The National Elk Refuge in Wyoming is the starting point of a ski safari - Andrew Schrum
The National Elk Refuge in Wyoming is the starting point of a ski safari - Andrew Schrum

Be grateful for David Attenborough and his breed. Thanks to them, we know it’s hard work to go on safari. All those dawn starts; having your bottom spanked on game drives by the seat of an ancient four-wheel drive; searching in the bush for animal poop; and the slow lowering of the guide’s binoculars, signalling that nothing is moving out there. Only the patient traveller should go to Africa. For the rest of us, safaris are best experienced on the TV, with the boring bits edited out, or in Jackson Hole, Wyoming.

Why Wyoming? Because you don’t track down the wildlife there: it comes to Jackson Hole in winter as readily as skiers do. Obviously giraffes and rhinoceroses don’t make the trip, but there’s certainly a Big Two – bison and moose – more elk than you can see in a single location anywhere else in the world, plus prairie dogs and mountain lions.

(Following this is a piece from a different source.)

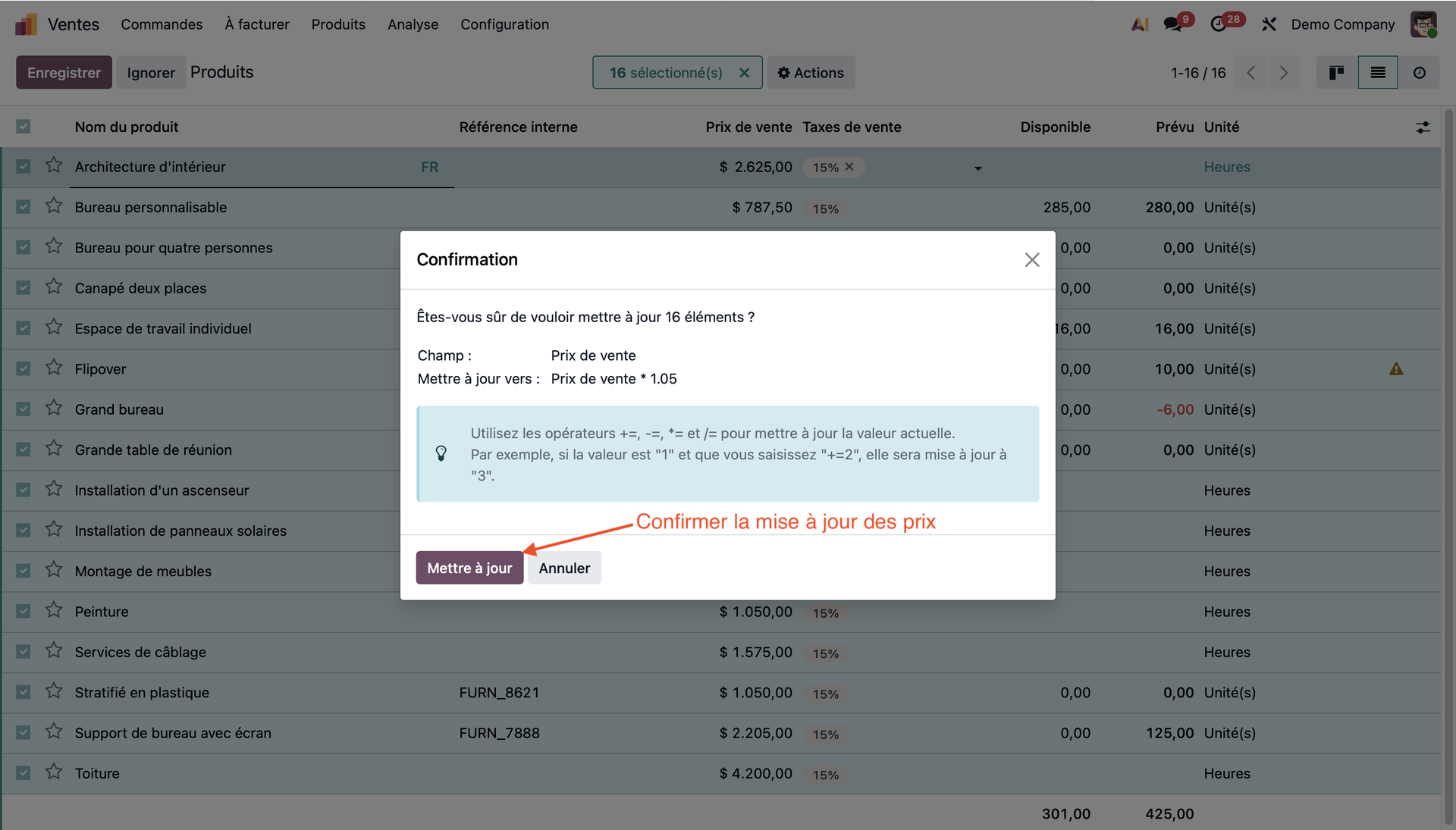 Il nous reste alors simplement à valider le contenu de notre cellule avec Enter. Une fenêtre de confirmation va ensuite s'ouvrir pour s'assurer que l'on veuille bien appliquer notre modification du prix de vente pour les articles sélectionnés. Il n'y a plus qu'à valider en cliquant sur le bouton Mettre à jour dans le coin inférieur gauche de la fenêtre.

Skiers visit Jackson for its spectacular setting – mountains crowding around the “hole”, as trappers named the depression – and for ski slopes that are among North America’s most demanding. What attracts the animals is food. The elk, many thousands of them every winter, are fed in the National Elk Refuge; and, in turn, predators such as eagles and wolves feed on the elk.

The big ruminants have the mountains west of Jackson, the Tetons, to thank for much of their food supply: weather systems heading east shed their moisture over the mountains, leaving the grazing for bison and elk relatively clear of snow. And the Snake River, winding around the foothills, provides drinking water.

Much of the land here is managed primarily for the benefit of fauna and flora. The Bridger-Teton National Forest virtually encircles Jackson Hole; the Grand Teton National Park is a protective swathe running about 30 miles to the north. The latter doesn’t quite reach up to Yellowstone National Park, but the John D Rockefeller Jr Memorial Parkway – an 11-mile (18km) “green alleyway” established in 1972 – gives wildlife safe passage into the park; and Yellowstone admits few humans during the winter months. And there’s added value for the bison coming into the park from Idaho’s freezing plains: they can have a steaming hot bath in Yellowstone’s geysers.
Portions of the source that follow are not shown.